Nothing but the lines from the first line of the entries through the line with "Go to Wolf &" should appear in the answer, transcribed exactly and free of pictures.

Excerpts from a dataset
#####
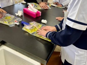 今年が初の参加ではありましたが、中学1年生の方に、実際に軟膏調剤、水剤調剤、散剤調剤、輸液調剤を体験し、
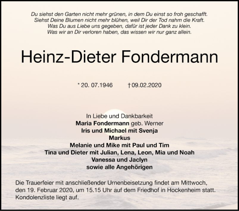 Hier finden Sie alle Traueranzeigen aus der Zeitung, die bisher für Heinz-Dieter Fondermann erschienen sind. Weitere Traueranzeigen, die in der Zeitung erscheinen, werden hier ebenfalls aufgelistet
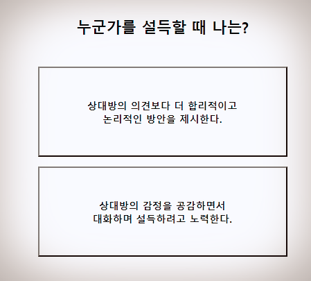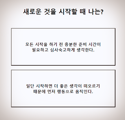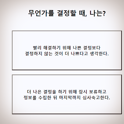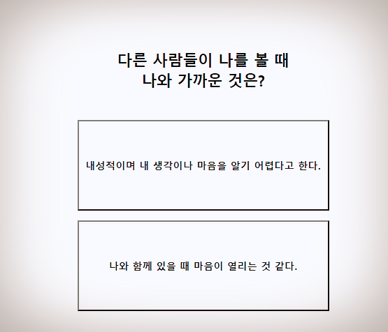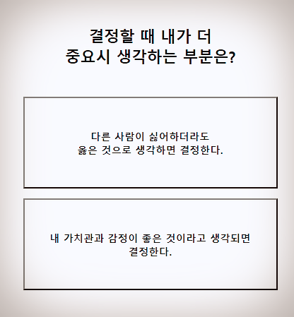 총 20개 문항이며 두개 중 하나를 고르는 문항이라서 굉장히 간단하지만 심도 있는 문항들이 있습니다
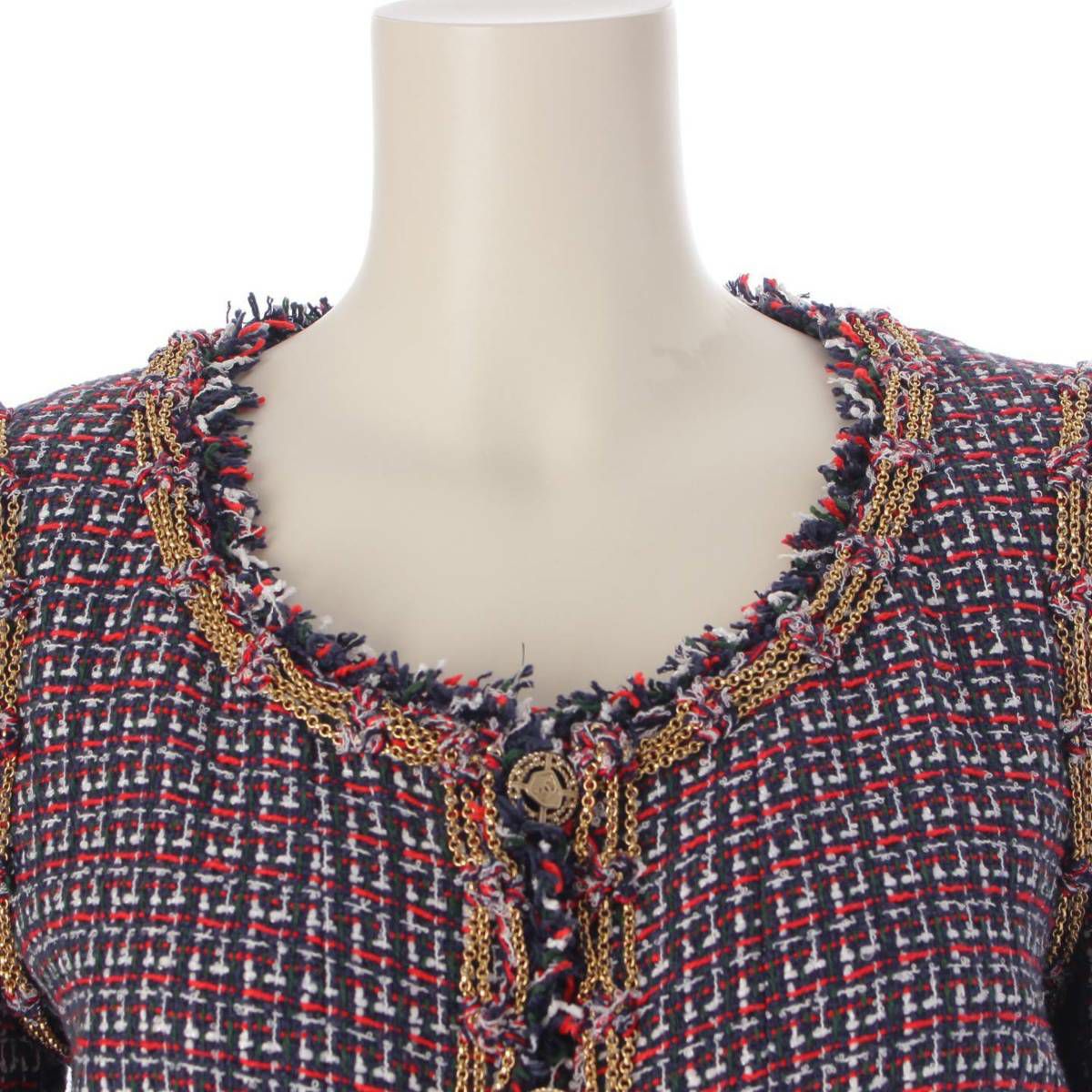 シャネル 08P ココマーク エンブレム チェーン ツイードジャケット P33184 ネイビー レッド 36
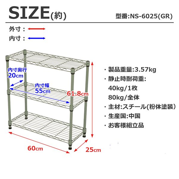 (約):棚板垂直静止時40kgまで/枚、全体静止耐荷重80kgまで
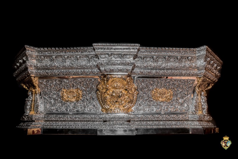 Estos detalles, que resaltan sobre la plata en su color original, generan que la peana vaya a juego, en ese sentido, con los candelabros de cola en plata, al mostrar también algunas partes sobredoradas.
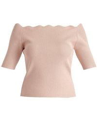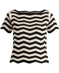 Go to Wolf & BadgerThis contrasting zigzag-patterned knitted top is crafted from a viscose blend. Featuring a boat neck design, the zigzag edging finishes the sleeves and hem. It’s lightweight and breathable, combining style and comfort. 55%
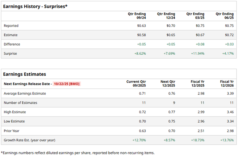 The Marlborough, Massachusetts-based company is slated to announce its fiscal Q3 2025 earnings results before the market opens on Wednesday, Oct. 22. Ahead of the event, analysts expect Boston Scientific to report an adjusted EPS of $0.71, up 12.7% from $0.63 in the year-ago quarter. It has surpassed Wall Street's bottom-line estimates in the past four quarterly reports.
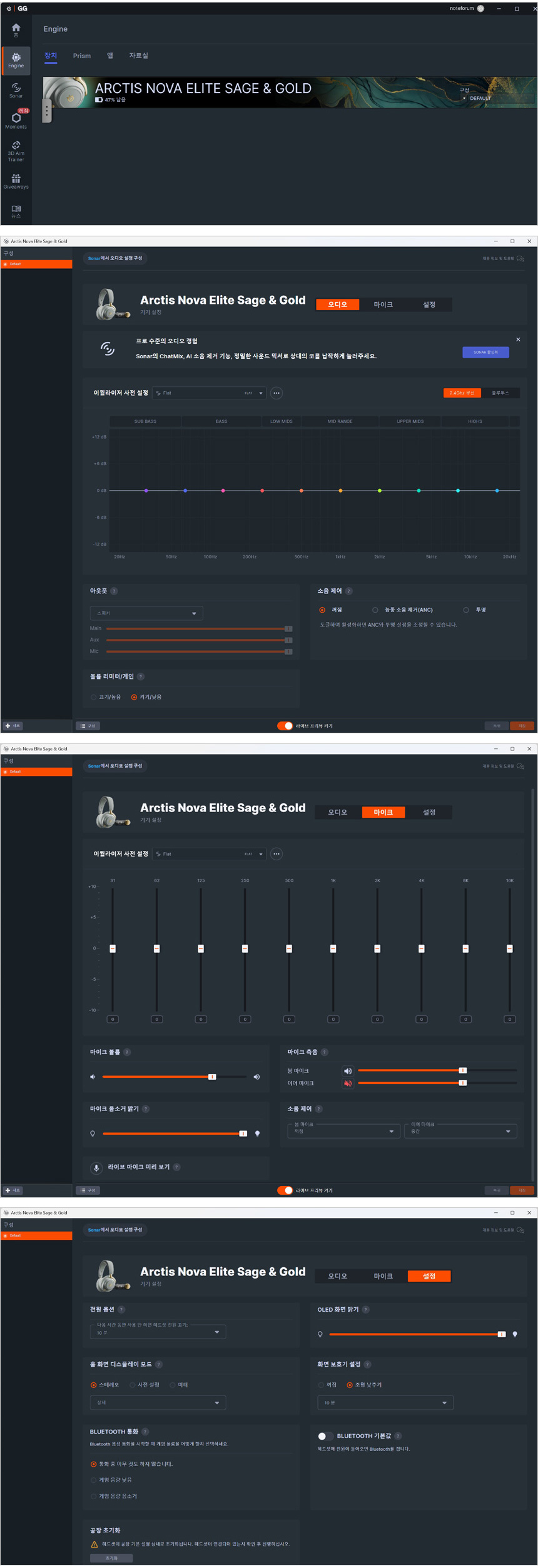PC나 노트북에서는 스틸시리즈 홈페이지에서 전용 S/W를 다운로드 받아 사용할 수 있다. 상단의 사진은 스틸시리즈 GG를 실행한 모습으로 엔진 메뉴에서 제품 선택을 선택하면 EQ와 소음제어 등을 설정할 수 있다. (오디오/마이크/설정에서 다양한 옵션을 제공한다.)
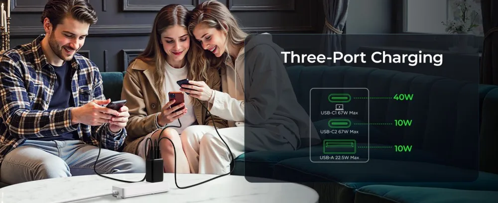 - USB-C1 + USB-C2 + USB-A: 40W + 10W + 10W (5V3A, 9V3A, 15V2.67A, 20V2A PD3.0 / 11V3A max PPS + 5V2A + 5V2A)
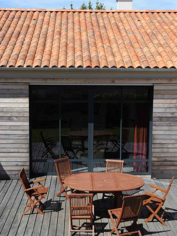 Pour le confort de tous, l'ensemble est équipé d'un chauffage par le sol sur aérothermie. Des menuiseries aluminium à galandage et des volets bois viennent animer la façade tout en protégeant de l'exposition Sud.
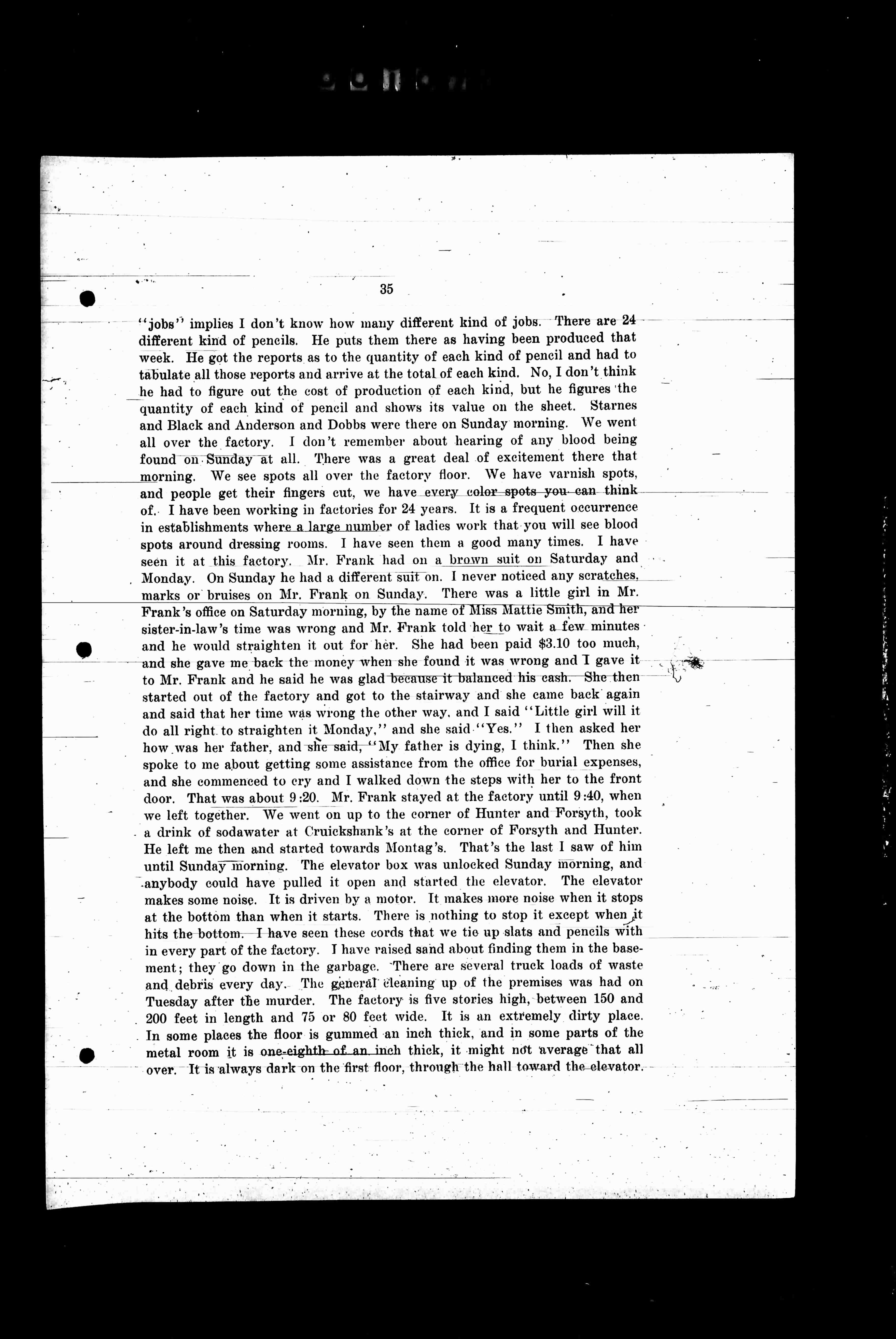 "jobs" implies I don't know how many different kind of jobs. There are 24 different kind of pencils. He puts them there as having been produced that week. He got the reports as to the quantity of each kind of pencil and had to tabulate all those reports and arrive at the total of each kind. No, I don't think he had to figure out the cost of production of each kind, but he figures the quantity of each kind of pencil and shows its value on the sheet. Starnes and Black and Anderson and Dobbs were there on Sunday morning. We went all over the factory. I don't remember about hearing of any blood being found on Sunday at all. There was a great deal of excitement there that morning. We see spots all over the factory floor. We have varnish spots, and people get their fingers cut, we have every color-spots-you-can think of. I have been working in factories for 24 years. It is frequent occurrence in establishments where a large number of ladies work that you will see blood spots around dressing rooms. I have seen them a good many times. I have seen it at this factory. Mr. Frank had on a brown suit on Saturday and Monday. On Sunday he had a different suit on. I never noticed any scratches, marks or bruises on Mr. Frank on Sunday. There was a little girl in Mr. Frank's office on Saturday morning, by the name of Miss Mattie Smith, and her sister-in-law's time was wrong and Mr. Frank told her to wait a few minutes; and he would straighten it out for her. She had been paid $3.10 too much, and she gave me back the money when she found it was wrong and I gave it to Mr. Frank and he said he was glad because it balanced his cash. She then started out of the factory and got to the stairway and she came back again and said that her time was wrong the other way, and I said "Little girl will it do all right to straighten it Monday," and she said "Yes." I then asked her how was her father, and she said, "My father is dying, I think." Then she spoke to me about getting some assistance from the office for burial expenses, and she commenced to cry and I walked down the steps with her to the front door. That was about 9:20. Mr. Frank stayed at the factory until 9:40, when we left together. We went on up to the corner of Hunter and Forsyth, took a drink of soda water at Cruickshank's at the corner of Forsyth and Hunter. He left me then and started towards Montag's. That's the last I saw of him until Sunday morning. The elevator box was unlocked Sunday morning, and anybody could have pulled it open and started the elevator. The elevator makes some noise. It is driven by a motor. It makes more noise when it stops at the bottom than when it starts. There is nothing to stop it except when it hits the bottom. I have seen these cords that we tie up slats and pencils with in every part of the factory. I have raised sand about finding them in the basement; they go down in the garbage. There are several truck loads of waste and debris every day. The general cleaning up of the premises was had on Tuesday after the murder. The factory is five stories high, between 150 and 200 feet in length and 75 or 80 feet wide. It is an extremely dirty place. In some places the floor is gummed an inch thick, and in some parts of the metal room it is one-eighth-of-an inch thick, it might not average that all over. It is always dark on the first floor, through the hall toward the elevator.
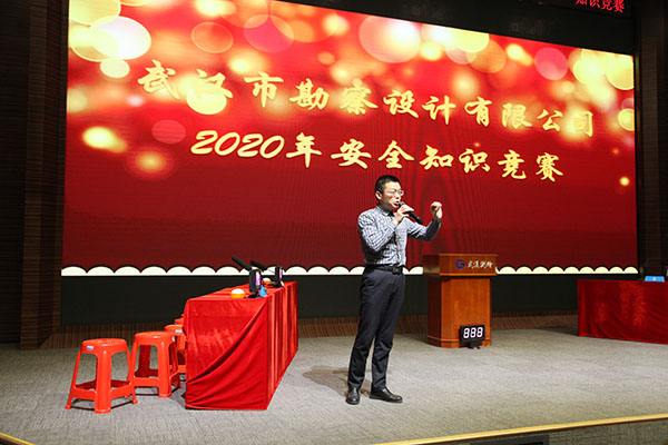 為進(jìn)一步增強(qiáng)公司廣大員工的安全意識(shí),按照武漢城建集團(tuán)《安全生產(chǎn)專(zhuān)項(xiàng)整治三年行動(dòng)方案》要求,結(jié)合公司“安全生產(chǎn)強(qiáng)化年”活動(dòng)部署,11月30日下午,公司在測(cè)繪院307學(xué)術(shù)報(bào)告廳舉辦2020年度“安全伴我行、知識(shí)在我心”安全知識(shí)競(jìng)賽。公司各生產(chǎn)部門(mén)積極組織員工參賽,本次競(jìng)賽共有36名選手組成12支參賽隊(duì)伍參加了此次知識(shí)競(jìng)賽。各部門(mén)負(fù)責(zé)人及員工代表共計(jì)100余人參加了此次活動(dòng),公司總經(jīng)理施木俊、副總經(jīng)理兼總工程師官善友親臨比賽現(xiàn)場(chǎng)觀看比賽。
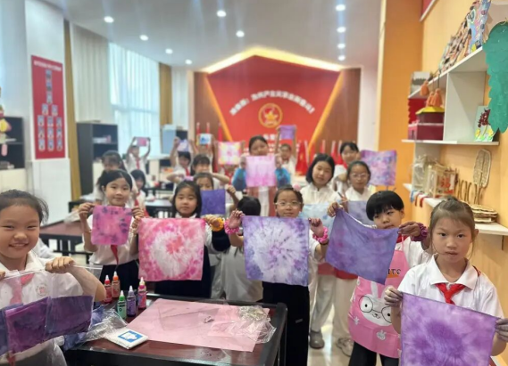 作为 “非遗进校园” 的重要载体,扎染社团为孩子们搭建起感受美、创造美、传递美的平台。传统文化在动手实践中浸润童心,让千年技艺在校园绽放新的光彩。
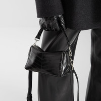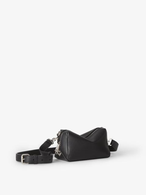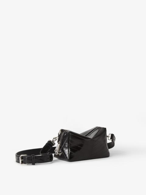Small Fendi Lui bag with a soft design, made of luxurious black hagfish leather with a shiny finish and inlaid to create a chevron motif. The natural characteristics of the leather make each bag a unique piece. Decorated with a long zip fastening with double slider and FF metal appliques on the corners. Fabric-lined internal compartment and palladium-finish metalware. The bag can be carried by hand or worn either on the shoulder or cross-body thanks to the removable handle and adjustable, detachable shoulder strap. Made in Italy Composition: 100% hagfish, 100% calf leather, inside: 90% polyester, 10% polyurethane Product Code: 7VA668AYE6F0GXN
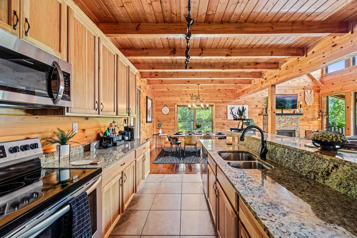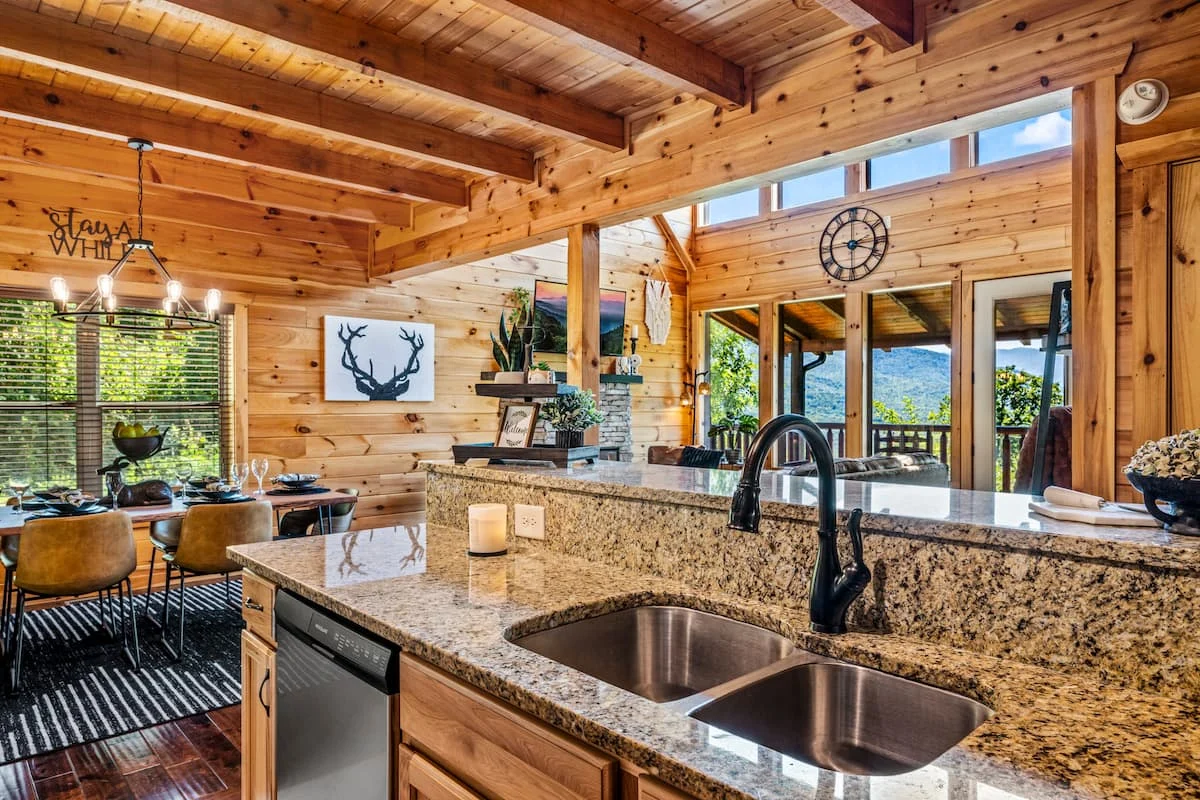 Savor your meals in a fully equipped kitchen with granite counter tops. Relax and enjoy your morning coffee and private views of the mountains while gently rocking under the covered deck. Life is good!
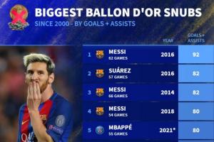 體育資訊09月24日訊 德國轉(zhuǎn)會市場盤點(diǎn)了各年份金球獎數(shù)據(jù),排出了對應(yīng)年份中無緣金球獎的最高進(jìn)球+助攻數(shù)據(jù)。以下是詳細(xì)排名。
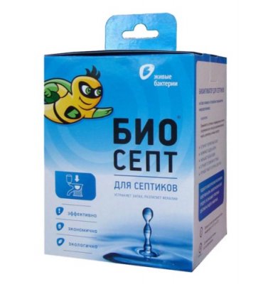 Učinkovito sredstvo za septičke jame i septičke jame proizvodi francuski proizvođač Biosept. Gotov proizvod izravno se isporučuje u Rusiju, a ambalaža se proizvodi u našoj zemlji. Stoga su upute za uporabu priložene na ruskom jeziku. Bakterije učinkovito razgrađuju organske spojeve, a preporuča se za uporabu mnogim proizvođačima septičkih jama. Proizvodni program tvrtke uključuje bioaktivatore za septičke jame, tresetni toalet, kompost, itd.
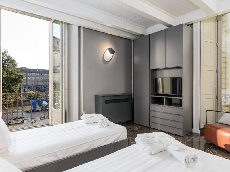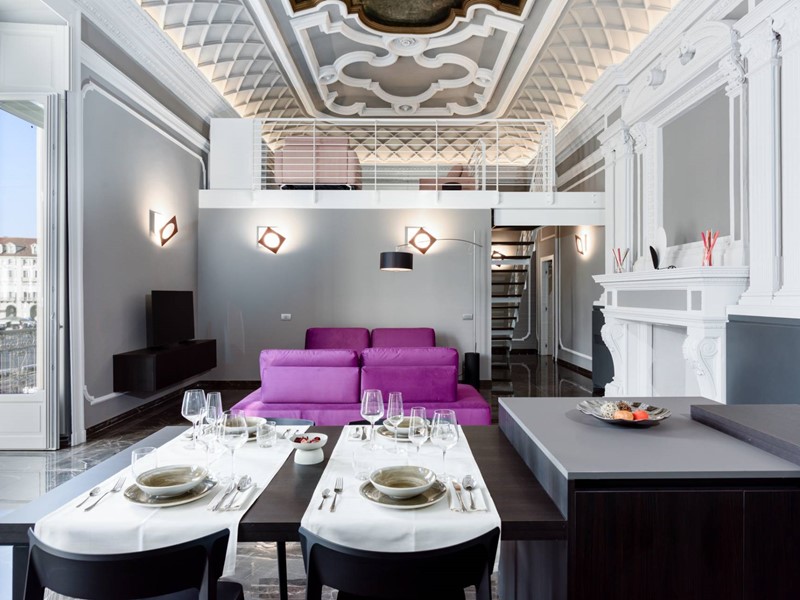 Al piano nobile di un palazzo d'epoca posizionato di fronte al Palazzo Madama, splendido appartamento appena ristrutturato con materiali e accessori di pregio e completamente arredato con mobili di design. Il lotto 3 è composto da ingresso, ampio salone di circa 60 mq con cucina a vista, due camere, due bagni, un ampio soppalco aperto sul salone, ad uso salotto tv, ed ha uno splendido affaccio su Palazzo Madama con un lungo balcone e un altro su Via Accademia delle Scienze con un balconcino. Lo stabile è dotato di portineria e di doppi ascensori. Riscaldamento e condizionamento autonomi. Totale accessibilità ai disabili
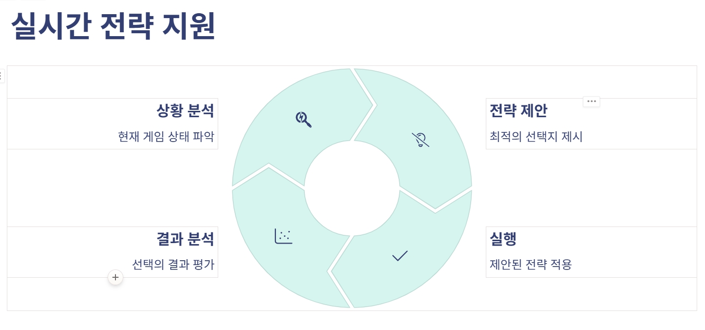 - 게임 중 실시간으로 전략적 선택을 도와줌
#####
» Reply to the exercise:
 今年が初の参加ではありましたが、中学1年生の方に、実際に軟膏調剤、水剤調剤、散剤調剤、輸液調剤を体験し、
 Hier finden Sie alle Traueranzeigen aus der Zeitung, die bisher für Heinz-Dieter Fondermann erschienen sind. Weitere Traueranzeigen, die in der Zeitung erscheinen, werden hier ebenfalls aufgelistet
 총 20개 문항이며 두개 중 하나를 고르는 문항이라서 굉장히 간단하지만 심도 있는 문항들이 있습니다
 シャネル 08P ココマーク エンブレム チェーン ツイードジャケット P33184 ネイビー レッド 36
 (約):棚板垂直静止時40kgまで/枚、全体静止耐荷重80kgまで
 Estos detalles, que resaltan sobre la plata en su color original, generan que la peana vaya a juego, en ese sentido, con los candelabros de cola en plata, al mostrar también algunas partes sobredoradas.
 Go to Wolf & BadgerThis contrasting zigzag-patterned knitted top is crafted from a viscose blend. Featuring a boat neck design, the zigzag edging finishes the sleeves and hem. It’s lightweight and breathable, combining style and comfort. 55%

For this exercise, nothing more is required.